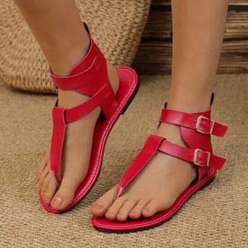 Women's Toe-Loop Flat Sandals, Retro Style Buckle Flat Shoes
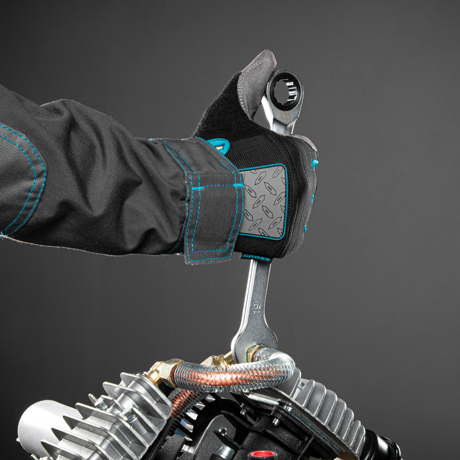 - Благодаря матовому покрытию ключ не выскальзывает из рук, даже если они в масле.
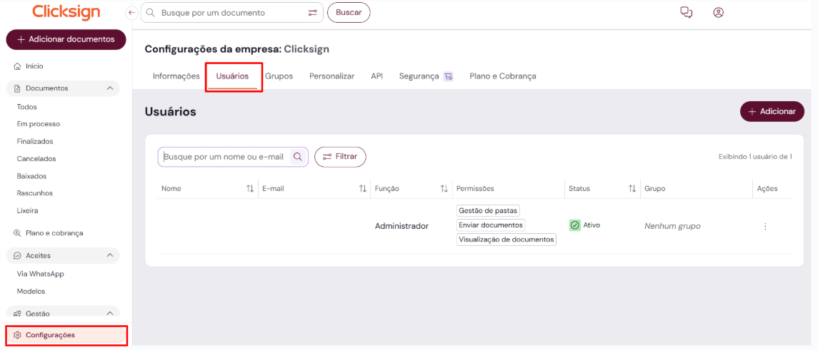 1. Clique em "Configurações" no menu lateral e acesse a aba "Usuários":
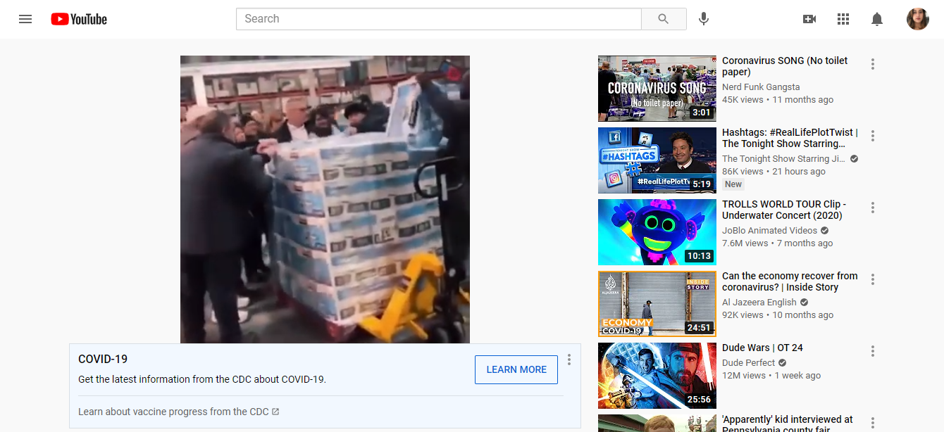 A video meme making fun of the panic buying of toilet paper in march of 2020. Appears to be a Costco. Dubbed with zombie noises from The Walking Dead. I feel its important for videos of these events to be preserved as well as the social/ popular response to events like panic buying

Exercise directions ->
Starting with the line that contains "1. Clique em", copy every line word for word through the end of the listing above, but leave out the pictures.

Problem solution ->
 1. Clique em "Configurações" no menu lateral e acesse a aba "Usuários":
 A video meme making fun of the panic buying of toilet paper in march of 2020. Appears to be a Costco. Dubbed with zombie noises from The Walking Dead. I feel its important for videos of these events to be preserved as well as the social/ popular response to events like panic buying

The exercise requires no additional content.